System for interfacing a circuit that makes a private payphone sound like a real bell payphone

Abstract

A toll telephone that has a circuit that makes a private payphone, sound like a real Bell Co. payphone. The mic path switches off to a Central Office, and reroutes sound back to your ear piece (receiver) while not enabled by the microprocessor.

Description

BACKGROUND OF INVENTION

[0001] 1. Field of the Invention

[0002] The present invention relates to the telephony art.

[0003] 2. Description of the Prior Art

[0004] All privately owned pay telephones employing electronic circuitry in use today are designed to have the transmitter (Microphone, i.e. Mic) in a non-operational mode until the phone call is completed. This was done as an anti-fraud measure. If the Mic was turned on at all times, and therefore allowing sound and data to be passed onto a phone line, the user of the phone would be able to send information out on the line without paying for the service. If Dual Tone Multi Frequency (DTMF) tones were to be sent, a central office would consider that as the phone being dialed. Without having dialed the number through the pay phones keypad, no money would be requested or collected. This is why when a person initially picks up the handset, there is no feedback from the phone if sound (such as talking or blowing over the mouthpiece) is created into the phone. Once the call has been dialed, and the user is instructed by the pay phone to deposit the correct amount of money, and the user has, done so, the pay phone will then, and only then, dial out the DTMF tones to cause a central office (C.O.) to route the call. Once a valid connection is made, a C.O. sends an audio signal back to the phone to indicate that the call is complete and a talk path can be opened to allow verbal communication to commence. The major problem with this method is that a faulty transmitter in the handset would not be noticed until the call is considered to have gone through and the pay phone is then set to collect the money.

SUMMARY OF THE INVENTION

[0005] With the Open Mic Circuit described, this problem is avoided. When the phone is initially picked up, sound from the Mic is routed not to a phone line, but rather is combined with the sound from a phone line (i.e. Dial Tone) that the user hears. This way when the user speaks or blows over the mouthpiece, they will hear the sound feed back (known as Side Tone) into the earpiece. The user is not aware that this is a false Side Tone, and is not actually reaching a phone line. When the user hears this Side Tone they are confident that the phone and handset are operational. When the call is made and the connection is made, a signal from the controlling microprocessor is used to switch the audio path from the false Side Tone to the actual line path so that the phone conversation can begin. The values of the interfacing components are selected to make this transaction from the false to real Mic as smooth as possible. That the user would not be able to notice this change, and will believe that the Mic had been open the entire time.

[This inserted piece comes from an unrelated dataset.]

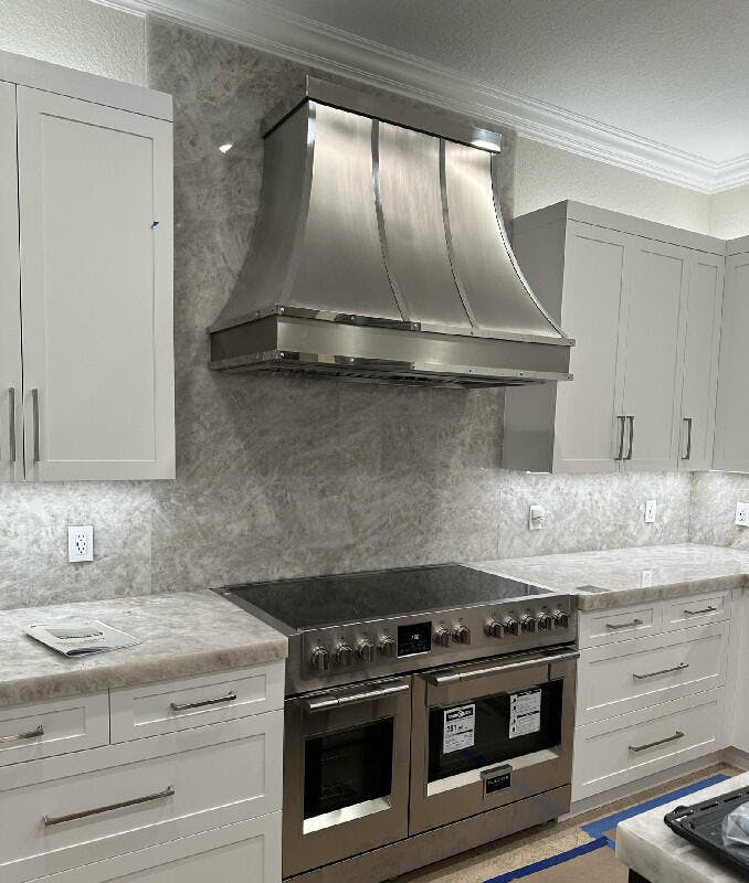 Add a radiant touch to your kitchen with this sweep brushed stainless steel custom range hood. With its mirror-like crown and polished bands, it is sure to captivate and inspire. Upgrade your cooking space today with this stunning, durable range hood!
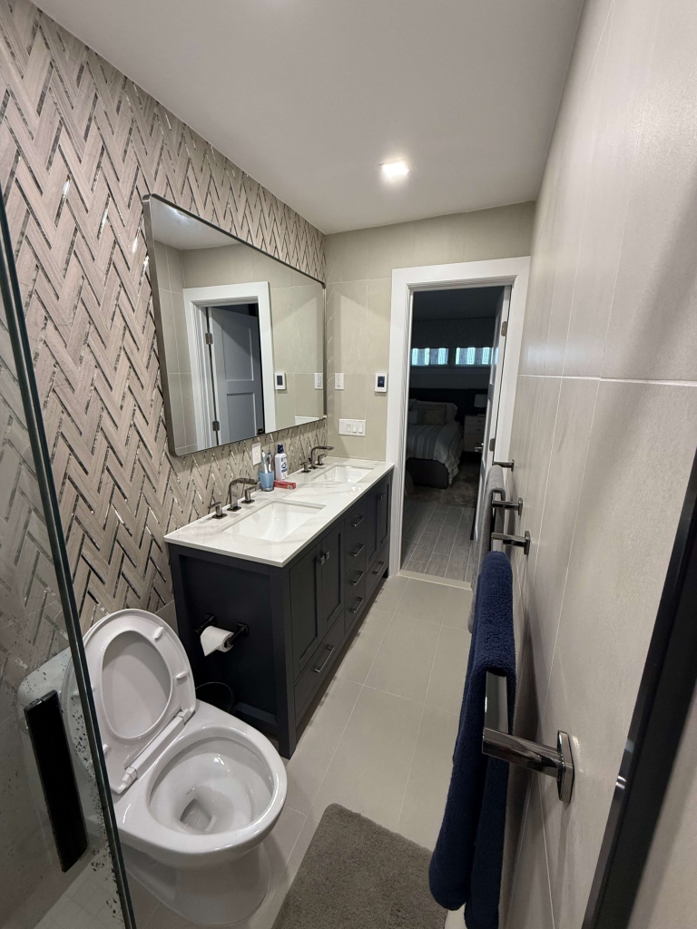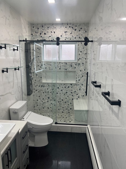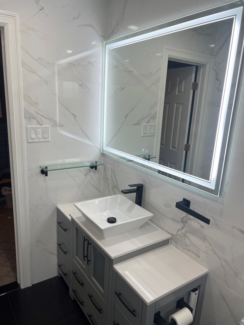 We can do direct replacement of your bathroom, or a completely new layout and design, with re-arrangement of your space, and replacement of walls, floors, doors, windows, etc.

This allows the customer owned pay telephone to sound as if it was operating the same as the original Bell owned and operated phone.

BRIEF DESCRIPTION OF THE DRAWINGS

[0006] FIG. 1 is an overall block diagram view of how the Open Mic Circuit operates, to route the sound to either the ear piece of the user or sent out to a phone line.

[0007] FIG. 2, illustrates pin connections of a micro-processor circuit and associated electronics used with the toll telephone.

[0008] FIG. 3 is a schematic showing how the Mic input is rerouted to a secondary switch path that connects to the audio circuit witch allows you to hear the Mic/fake sound from the handset.

[0009] FIG. 4 is a schematic that shows the different paths and how the simulated sound blends into the audio circuit so that the switching process goes undetected.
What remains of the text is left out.